Антоний стоял на ледяной горке, уйдя в тихое и сладостное, что жило в нем, и разные видения вырастали перед глазами, далекие и манящие, удивительные в своем отчуждении от земного мира, все же в чем-то и приближенные к нему. Он видел небесных ангелов, но, скорее, не самих ангелов, а их отмечание в глубинно зияющей дали, и мнилось отмечание исполненным высокого торжества духа. «Господи!.. — шептал он. — Господи!..»
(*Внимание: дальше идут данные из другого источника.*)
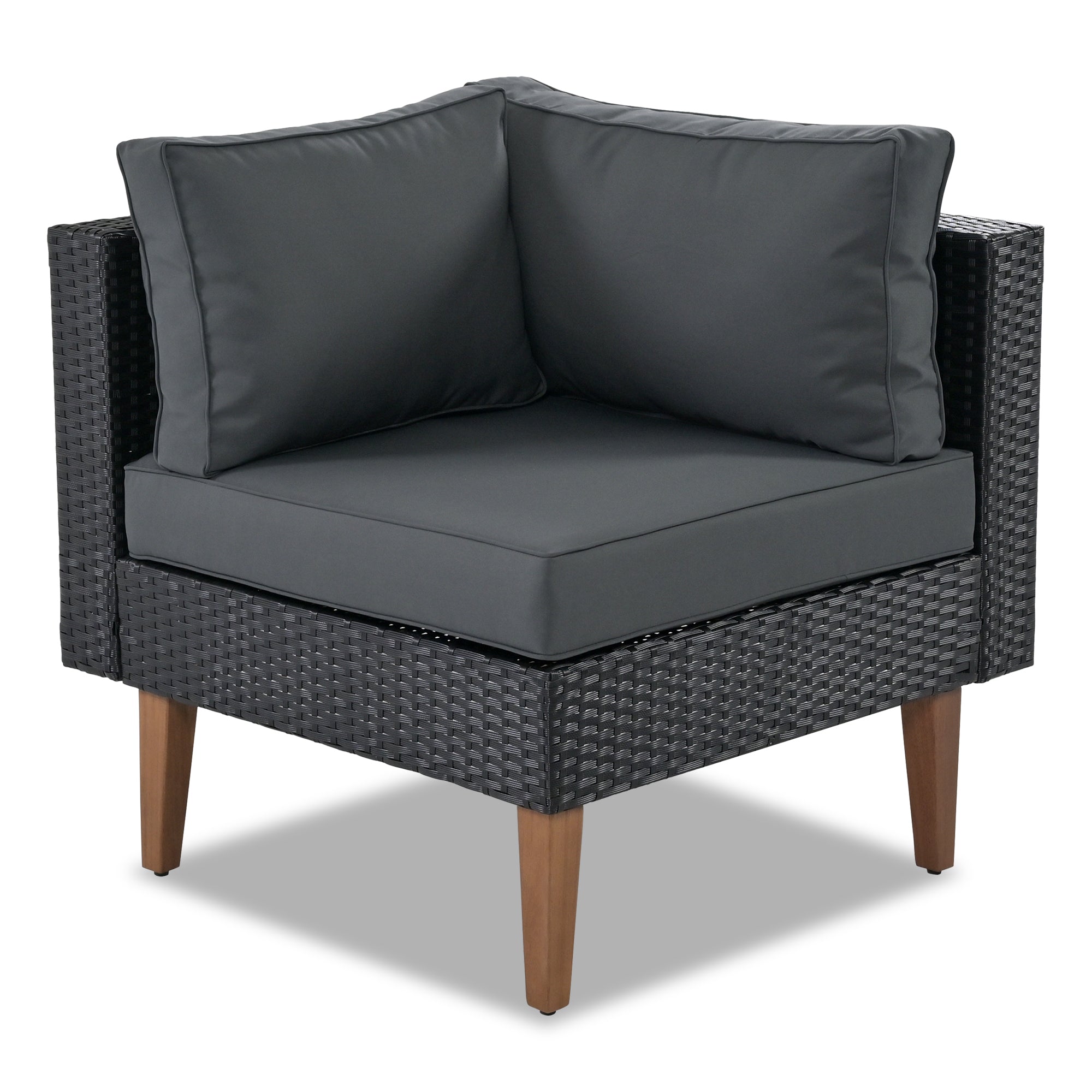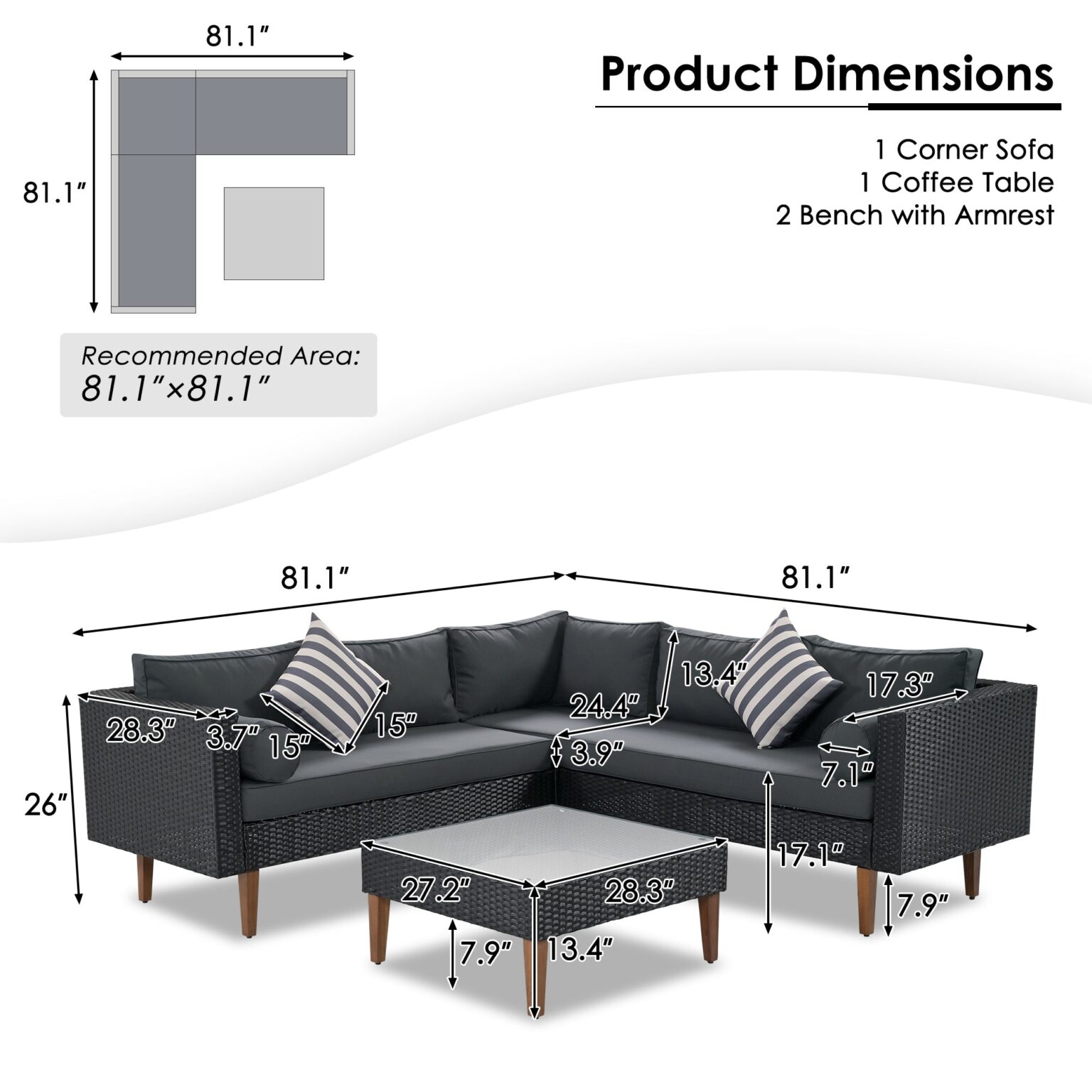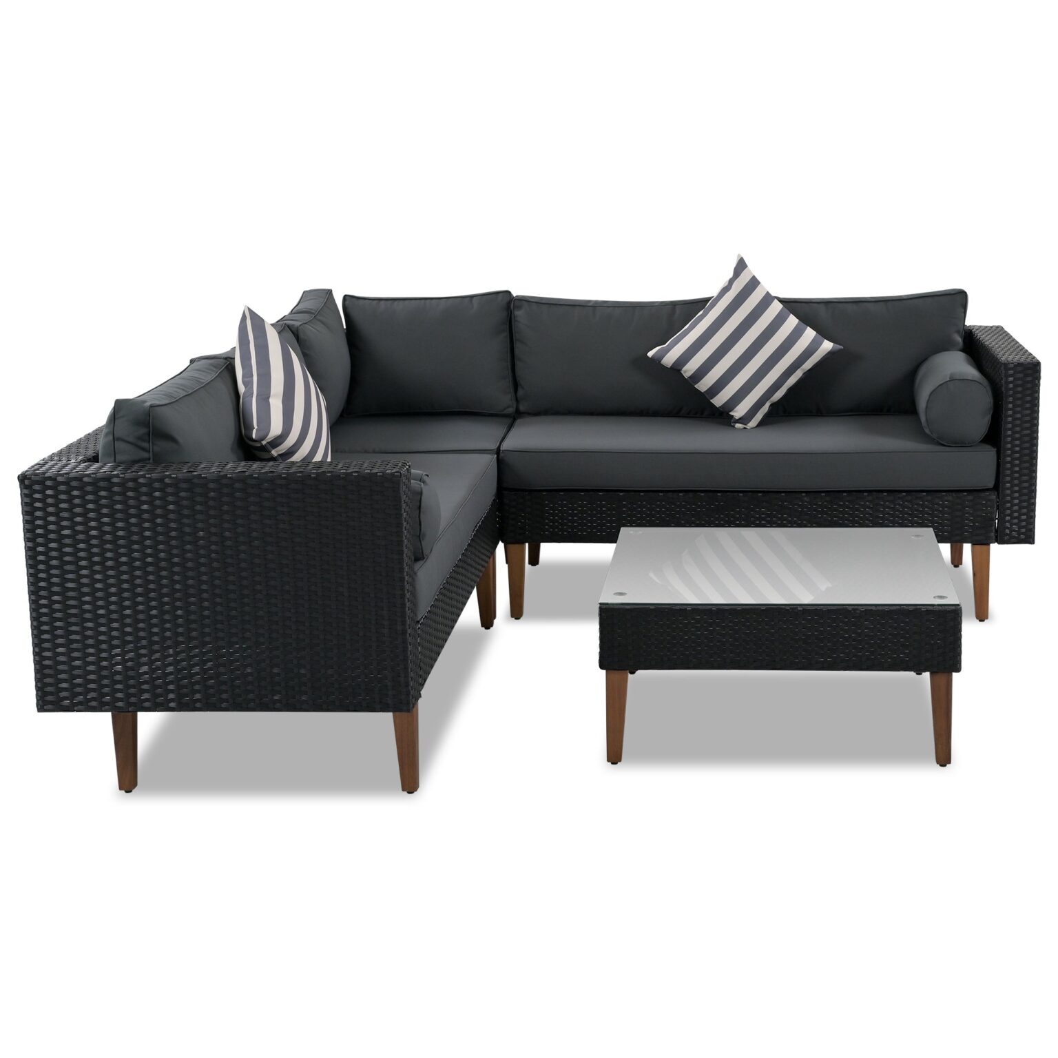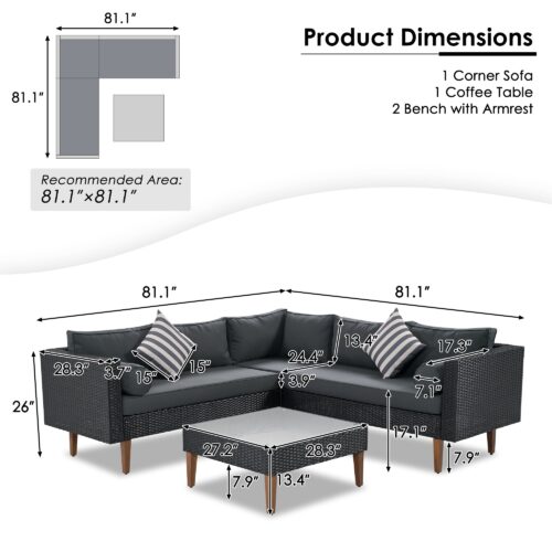 The Outdoor Wicker Sofa Set is the perfect addition to any outdoor living space. Designed with waterproof and UV-resistant wicker material and polyester fabric, this sofa set is built to withstand harsh weather conditions. The solid wood legs feature adjustable feet, making it easy to even accommodate ground and provide stability. The classic black and gray collocation is full of high-end, very suitable for business conversation. The comfortable cylindrical pillows and decorative pillows added style and extra relaxation, suitable for your all place. The set is easy to assemble and for up to 4-5 people, and suitable for any of your parties, conversations, leisure in all places.
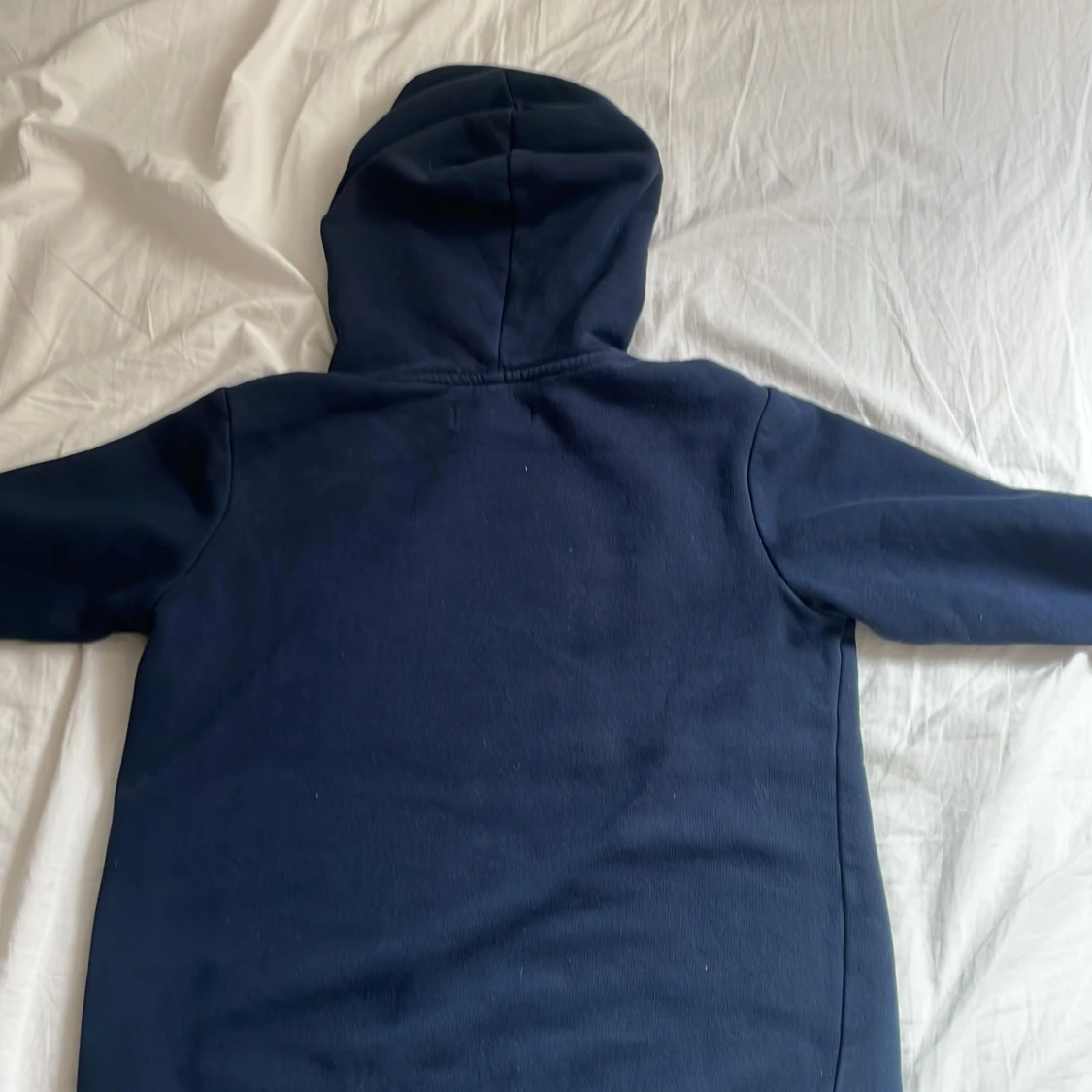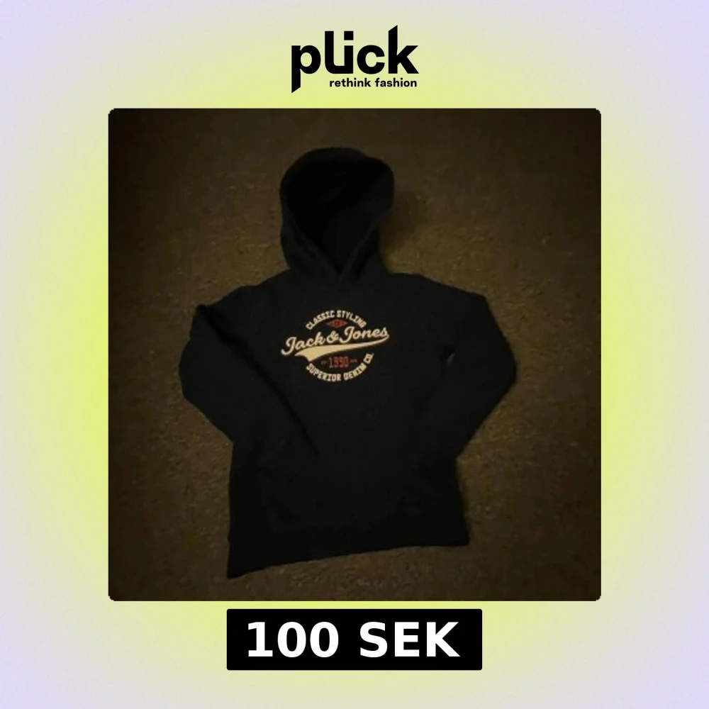 Säljer en blå hoodie från Jack & Jones med tryck i vitt och gult på bröstet. Tröjan har en klassisk design med huva och långa ärmar. Perfekt för en avslappnad stil.
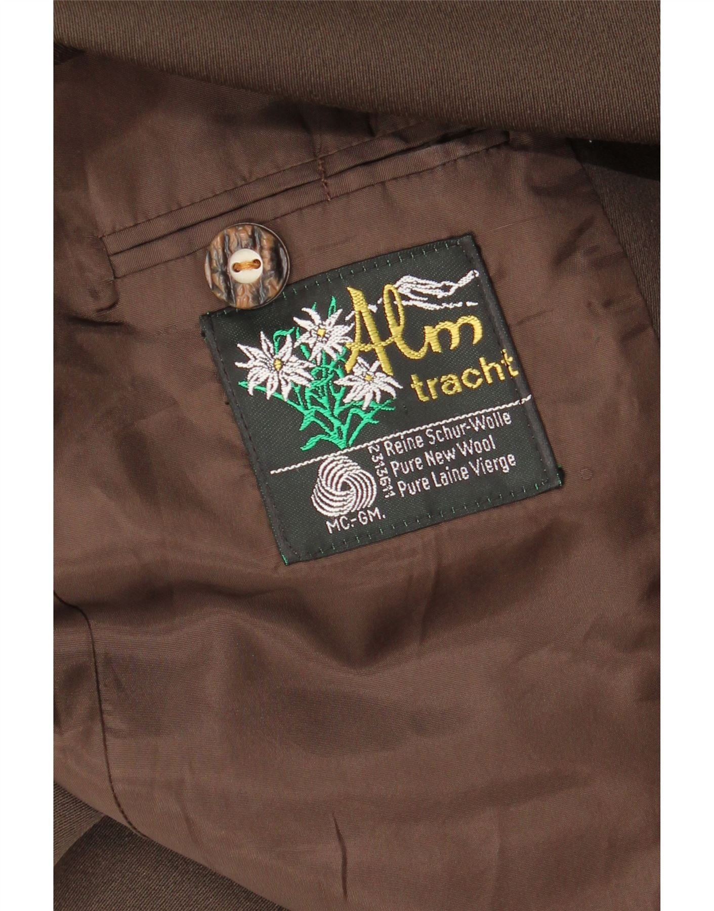 - AI beskrivelse: Denne brune vintagejakke til mænd er lavet af ren ny uld, der tilbyder en raffineret vævet tekstur. Den har en karakteristisk stand-up krave-udskæring og en frontlukning med tre knapper. Lange ærmer og en klassisk pasform sikrer en smart silhuet. Subtile lommer tilføjer praktiske detaljer. Den etniske Alm tracht-stil giver den en unik, traditionel appel.
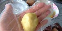10.将炒好的豆馅按模具所需的量称量分好。取一份无色豆馅揉成光滑的圆球。
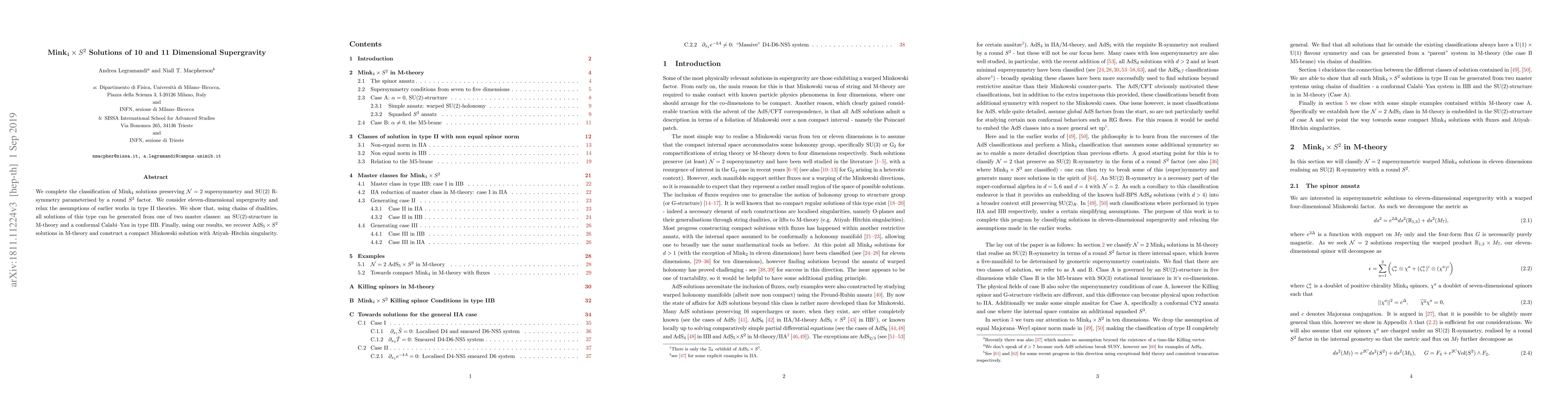 This paper classifies Minkowski solutions in 10 and 11-dimensional supergravity that preserve $\mathcal{N}=2$ supersymmetry and SU(2) R-symmetry. It identifies two master classes generating these solutions: an SU(2)-structure in M-theory and a conformal Calabi-Yau in type IIB, and constructs a compact Minkowski solution with an Atiyah-Hitchin singularity.
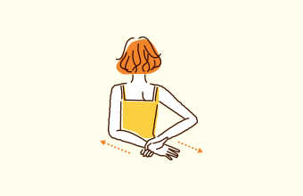 - 1背中側に手を回し、左手首を右手で持ち、両腕を広げるように引き合います。
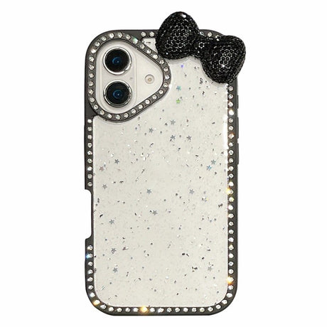 iPhone 16 Hybrid Case with 3D Bow and Rhinestones - Transparent / Black
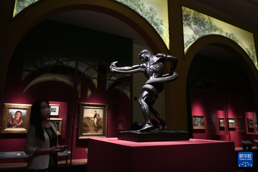 这是4月27日在广东省博物馆的“绽放:维多利亚时代的艺术”预展上拍摄的《与蟒搏斗的勇士》。

А потом что-то произошло и не в нем даже, в небесном пространстве, как бы сузилось, закрыло божественную даль с пребывающими в ней ангелами, сделалось сумрачно и сыро от мягкого снега, обильно падающего с неба. Антоний вздохнул и закрыл глаза, но еще долго стоял в напряжении, ощущаемом его исхудавшим телом, все же время спустя он одолел смутившее и медленно, боясь оскользнуться, спустился с тороса. И тут увидел в изножье ледяной горы большого, серебряно красного тюленя, и не сразу понял, отчего тюлень утерял привычный окрас. Когда же понял, растерялся, растерянность накатила не потому, что лишь теперь лицом к лицу он столкнулся с раненым байкальским тюленем, такие встречи случались и раньше, и всегда вызывали в нем тягостное недоумение. Но теперь к этому чувству примешалось другое, вдруг подумал, что омрачение небесного пространства и тюлень-подранок как-то связаны между собой, и сделано это высшей силой с определенной целью, может, для того, чтобы подтолкнуть его к утайно горькому и жестокому, накапливающемуся в душах, с тем, чтобы, окунувшись в людскую жизнь, он, Антоний, вынес из нее доброе и разумное, еще остающееся в ней.
А небо было черное и студеное, и шел снег, теперь уже затверделый и сухой. А на желтой льдине неподвижно, отпустив дрожь умирания, лежал тюлень.
12.
Шел Агван-Доржи по придавленному зимней стужей редкому, точно молью изъеденному бензпилами, прибайкальскому лесу, как вдруг увидел висящий на ветвях дерева отливающий мертвой синевой хур. Но не то поразило, что увидел, а что услышал… Струны хура от того ли, что корпус покачивался, биясь о ствол дерева, от чего ли другого, выводили грустную мелодию; и она не была беспризорна, мало что дающая душе странника, показалась знакомой по прежним летам, о которых слабо помнил, смутное что-то, далекое, а вместе притягательное, нередко расталкивающее на сердце, уводящее в горестное ли, тихой ли радостью опахивающее.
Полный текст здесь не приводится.